(Excerpts from a dataset)
※
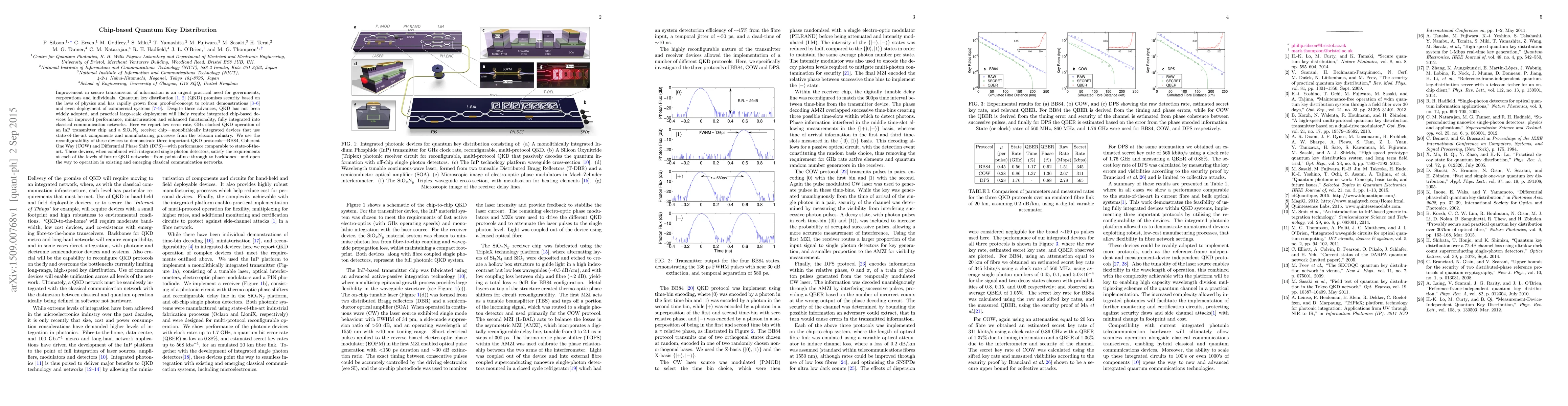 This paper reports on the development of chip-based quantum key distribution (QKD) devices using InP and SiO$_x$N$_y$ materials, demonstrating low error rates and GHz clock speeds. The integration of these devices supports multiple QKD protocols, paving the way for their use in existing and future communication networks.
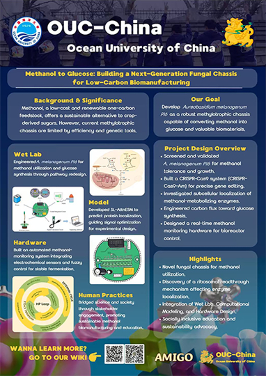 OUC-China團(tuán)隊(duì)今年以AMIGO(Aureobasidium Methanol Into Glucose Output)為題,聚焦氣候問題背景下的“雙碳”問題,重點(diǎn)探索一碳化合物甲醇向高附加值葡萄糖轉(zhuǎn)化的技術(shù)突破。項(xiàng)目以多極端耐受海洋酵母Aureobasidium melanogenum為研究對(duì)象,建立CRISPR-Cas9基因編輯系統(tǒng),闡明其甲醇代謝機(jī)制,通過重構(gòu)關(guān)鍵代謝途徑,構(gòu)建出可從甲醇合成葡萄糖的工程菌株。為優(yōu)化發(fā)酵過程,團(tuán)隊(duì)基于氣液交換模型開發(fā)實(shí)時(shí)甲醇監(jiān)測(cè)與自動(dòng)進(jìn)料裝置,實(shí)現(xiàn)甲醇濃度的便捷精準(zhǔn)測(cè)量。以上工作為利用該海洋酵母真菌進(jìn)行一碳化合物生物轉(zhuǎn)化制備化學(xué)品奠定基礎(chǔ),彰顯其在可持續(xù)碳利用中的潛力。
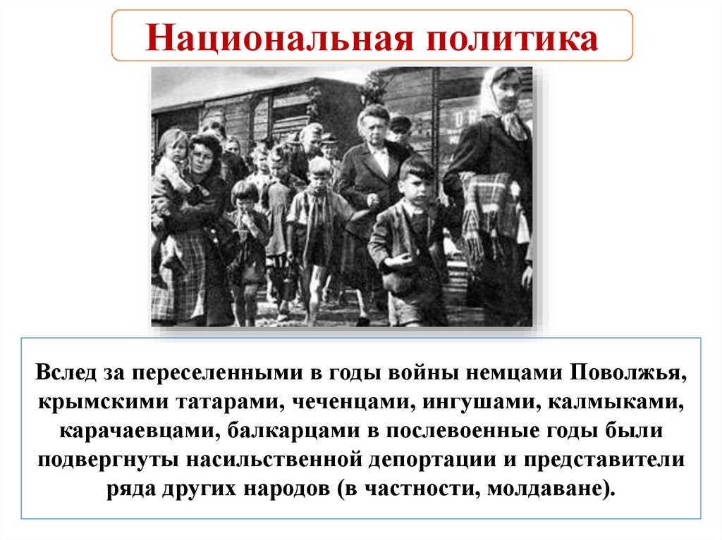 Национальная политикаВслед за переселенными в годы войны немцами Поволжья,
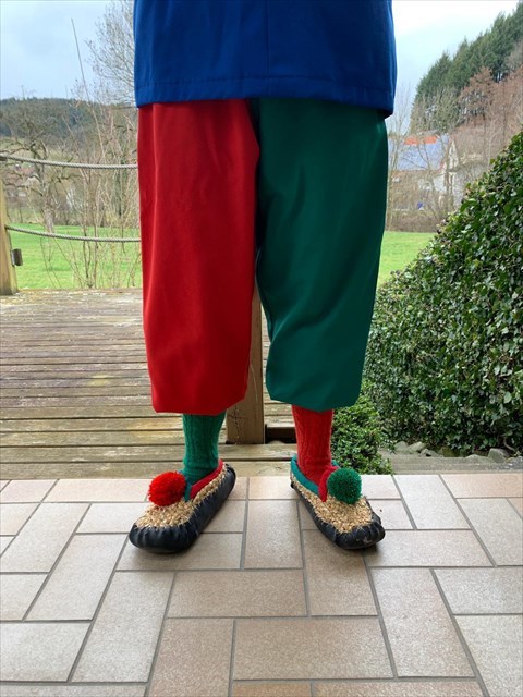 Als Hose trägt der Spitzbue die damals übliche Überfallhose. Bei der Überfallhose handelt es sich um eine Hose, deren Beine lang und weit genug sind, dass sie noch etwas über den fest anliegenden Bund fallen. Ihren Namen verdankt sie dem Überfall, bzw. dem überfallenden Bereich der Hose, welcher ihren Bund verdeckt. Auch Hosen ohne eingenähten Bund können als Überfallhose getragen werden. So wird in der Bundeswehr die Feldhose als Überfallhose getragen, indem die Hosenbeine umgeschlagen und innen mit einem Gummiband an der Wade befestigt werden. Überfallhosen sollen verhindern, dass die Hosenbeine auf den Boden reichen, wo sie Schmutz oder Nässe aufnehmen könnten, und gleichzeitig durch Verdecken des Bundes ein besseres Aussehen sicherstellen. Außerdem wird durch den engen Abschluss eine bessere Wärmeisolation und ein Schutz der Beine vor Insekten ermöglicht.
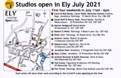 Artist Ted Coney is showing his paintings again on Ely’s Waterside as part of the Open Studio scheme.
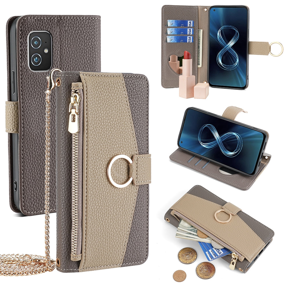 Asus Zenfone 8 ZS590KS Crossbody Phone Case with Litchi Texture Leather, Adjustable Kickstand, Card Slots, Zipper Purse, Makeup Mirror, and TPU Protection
※
A faithful copy of each entry is required, and no picture may be carried into it.

 This paper reports on the development of chip-based quantum key distribution (QKD) devices using InP and SiO$_x$N$_y$ materials, demonstrating low error rates and GHz clock speeds. The integration of these devices supports multiple QKD protocols, paving the way for their use in existing and future communication networks.
 OUC-China團(tuán)隊(duì)今年以AMIGO(Aureobasidium Methanol Into Glucose Output)為題,聚焦氣候問題背景下的“雙碳”問題,重點(diǎn)探索一碳化合物甲醇向高附加值葡萄糖轉(zhuǎn)化的技術(shù)突破。項(xiàng)目以多極端耐受海洋酵母Aureobasidium melanogenum為研究對(duì)象,建立CRISPR-Cas9基因編輯系統(tǒng),闡明其甲醇代謝機(jī)制,通過重構(gòu)關(guān)鍵代謝途徑,構(gòu)建出可從甲醇合成葡萄糖的工程菌株。為優(yōu)化發(fā)酵過程,團(tuán)隊(duì)基于氣液交換模型開發(fā)實(shí)時(shí)甲醇監(jiān)測(cè)與自動(dòng)進(jìn)料裝置,實(shí)現(xiàn)甲醇濃度的便捷精準(zhǔn)測(cè)量。以上工作為利用該海洋酵母真菌進(jìn)行一碳化合物生物轉(zhuǎn)化制備化學(xué)品奠定基礎(chǔ),彰顯其在可持續(xù)碳利用中的潛力。
 Национальная политикаВслед за переселенными в годы войны немцами Поволжья,
 Als Hose trägt der Spitzbue die damals übliche Überfallhose. Bei der Überfallhose handelt es sich um eine Hose, deren Beine lang und weit genug sind, dass sie noch etwas über den fest anliegenden Bund fallen. Ihren Namen verdankt sie dem Überfall, bzw. dem überfallenden Bereich der Hose, welcher ihren Bund verdeckt. Auch Hosen ohne eingenähten Bund können als Überfallhose getragen werden. So wird in der Bundeswehr die Feldhose als Überfallhose getragen, indem die Hosenbeine umgeschlagen und innen mit einem Gummiband an der Wade befestigt werden. Überfallhosen sollen verhindern, dass die Hosenbeine auf den Boden reichen, wo sie Schmutz oder Nässe aufnehmen könnten, und gleichzeitig durch Verdecken des Bundes ein besseres Aussehen sicherstellen. Außerdem wird durch den engen Abschluss eine bessere Wärmeisolation und ein Schutz der Beine vor Insekten ermöglicht.
 Artist Ted Coney is showing his paintings again on Ely’s Waterside as part of the Open Studio scheme.
 Asus Zenfone 8 ZS590KS Crossbody Phone Case with Litchi Texture Leather, Adjustable Kickstand, Card Slots, Zipper Purse, Makeup Mirror, and TPU Protection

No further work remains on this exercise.